- Information provided
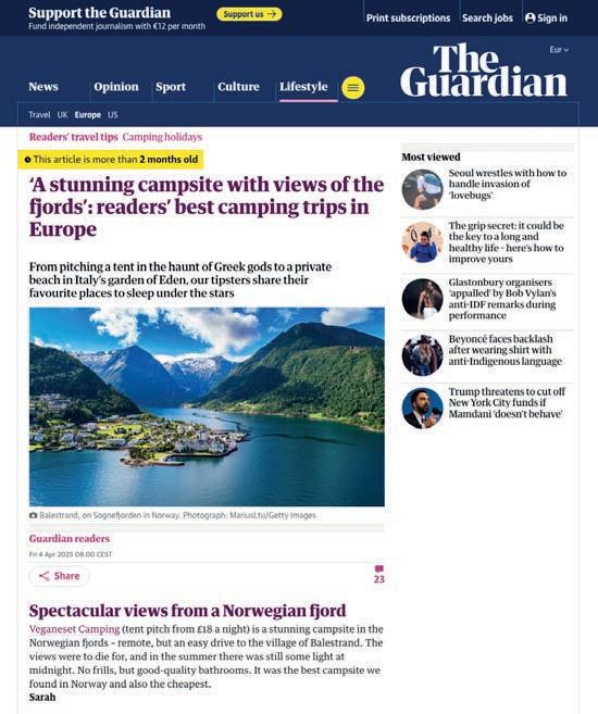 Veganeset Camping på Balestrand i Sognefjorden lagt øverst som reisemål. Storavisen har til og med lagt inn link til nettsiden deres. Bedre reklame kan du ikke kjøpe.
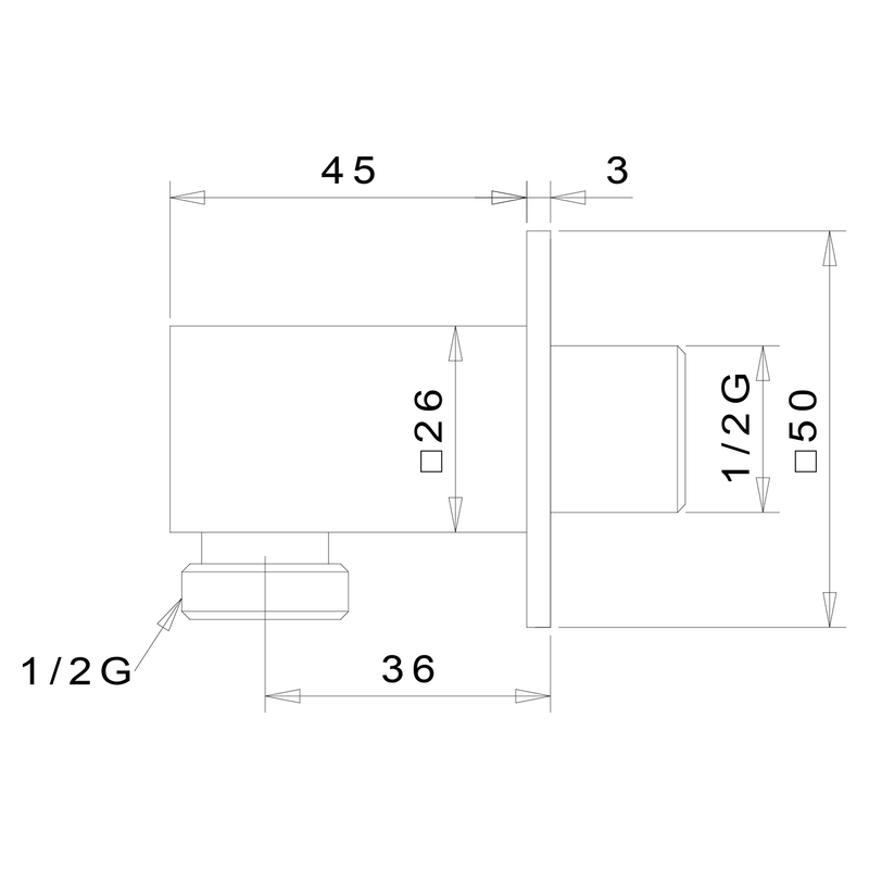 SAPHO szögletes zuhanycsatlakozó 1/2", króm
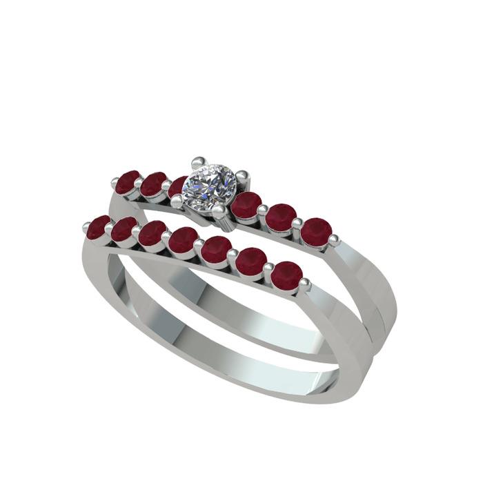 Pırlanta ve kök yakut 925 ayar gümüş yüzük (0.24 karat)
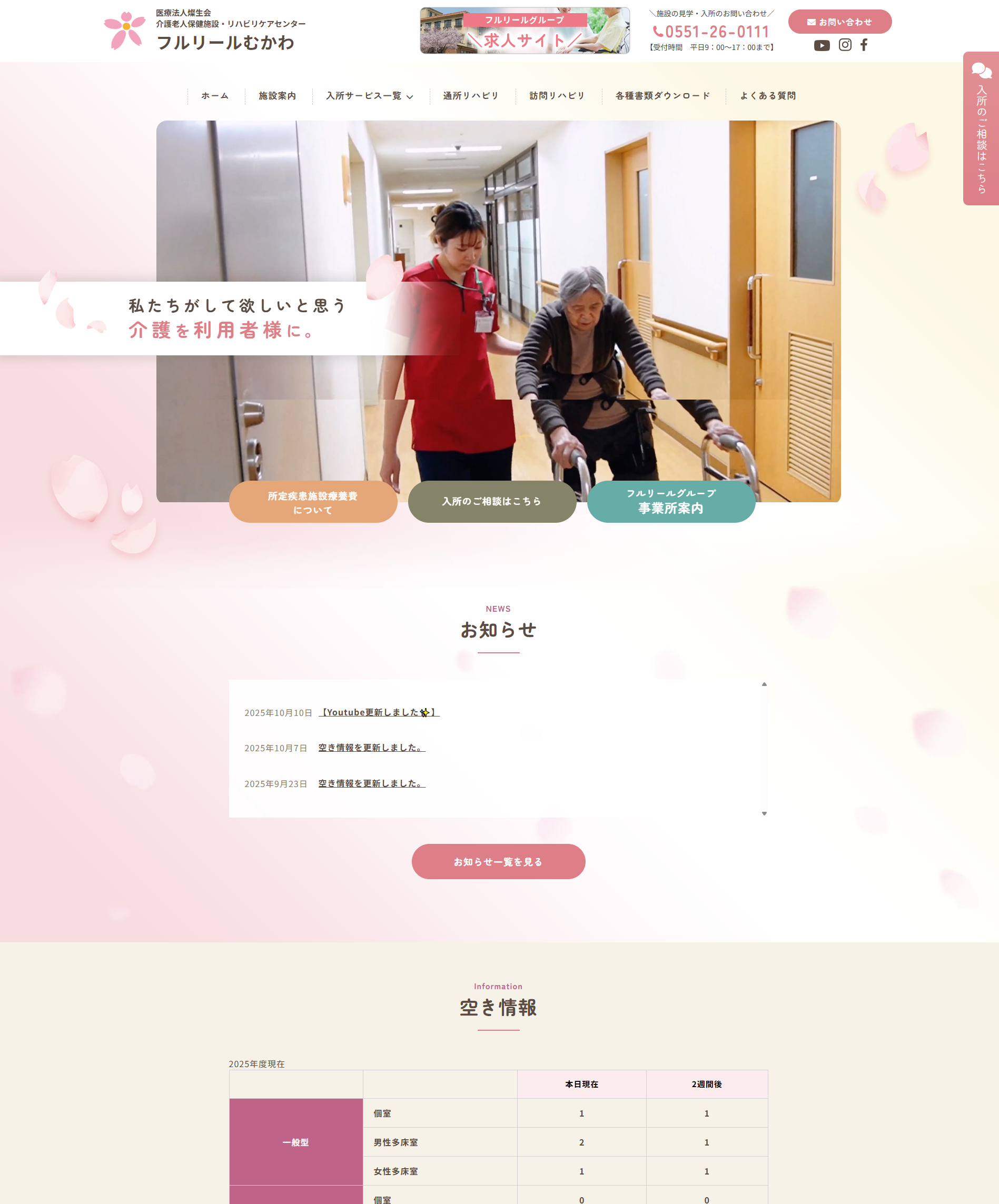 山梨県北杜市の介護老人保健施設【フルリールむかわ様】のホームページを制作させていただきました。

--

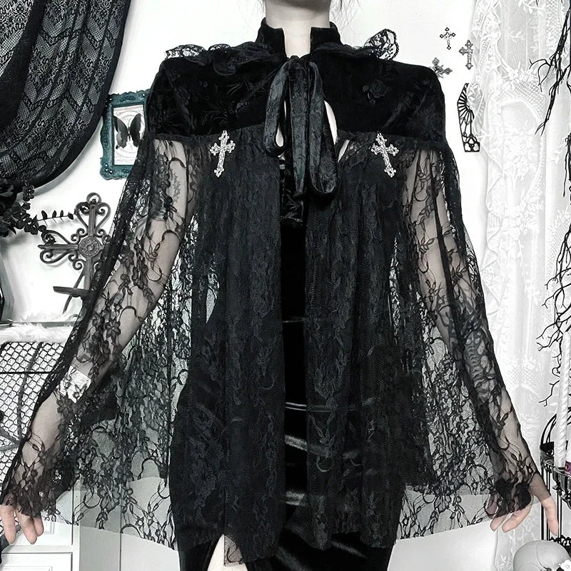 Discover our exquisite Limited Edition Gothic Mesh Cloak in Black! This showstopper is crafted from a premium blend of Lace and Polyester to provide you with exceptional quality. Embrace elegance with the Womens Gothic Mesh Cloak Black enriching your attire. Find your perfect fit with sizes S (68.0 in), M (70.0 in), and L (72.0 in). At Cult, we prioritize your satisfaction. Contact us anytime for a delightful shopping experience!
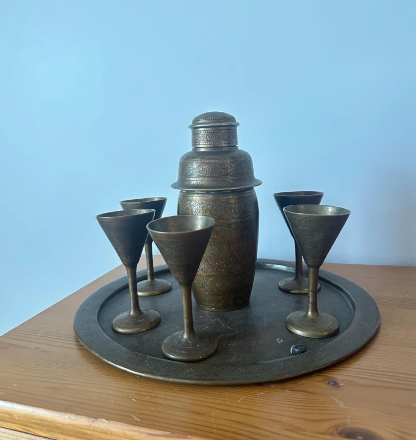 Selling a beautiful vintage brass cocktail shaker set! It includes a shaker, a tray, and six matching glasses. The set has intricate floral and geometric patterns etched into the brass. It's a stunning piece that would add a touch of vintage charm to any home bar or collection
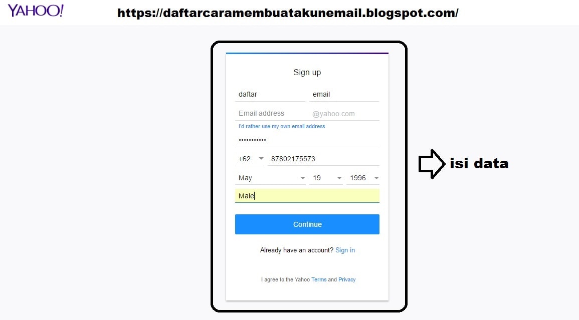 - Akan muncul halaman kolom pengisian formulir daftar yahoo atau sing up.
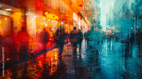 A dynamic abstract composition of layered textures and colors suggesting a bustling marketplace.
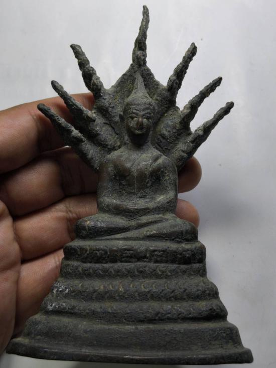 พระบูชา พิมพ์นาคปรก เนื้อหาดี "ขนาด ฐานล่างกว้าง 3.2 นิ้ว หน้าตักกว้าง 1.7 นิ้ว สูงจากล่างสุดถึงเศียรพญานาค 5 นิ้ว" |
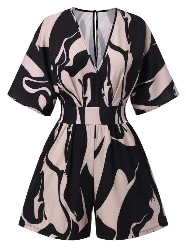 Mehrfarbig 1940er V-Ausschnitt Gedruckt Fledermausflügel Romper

==

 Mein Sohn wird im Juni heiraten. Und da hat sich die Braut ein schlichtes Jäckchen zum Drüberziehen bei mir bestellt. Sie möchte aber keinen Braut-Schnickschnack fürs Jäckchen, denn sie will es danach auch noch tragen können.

- Task statement
Retype, exactly and with no pictures, everything above from the line with "- Akan muncul" down to the line with "Mehrfarbig 1940er V-Ausschnitt", both included.

- Answer for this exercise
 - Akan muncul halaman kolom pengisian formulir daftar yahoo atau sing up.
 A dynamic abstract composition of layered textures and colors suggesting a bustling marketplace.
 พระบูชา พิมพ์นาคปรก เนื้อหาดี "ขนาด ฐานล่างกว้าง 3.2 นิ้ว หน้าตักกว้าง 1.7 นิ้ว สูงจากล่างสุดถึงเศียรพญานาค 5 นิ้ว" |
 Mehrfarbig 1940er V-Ausschnitt Gedruckt Fledermausflügel Romper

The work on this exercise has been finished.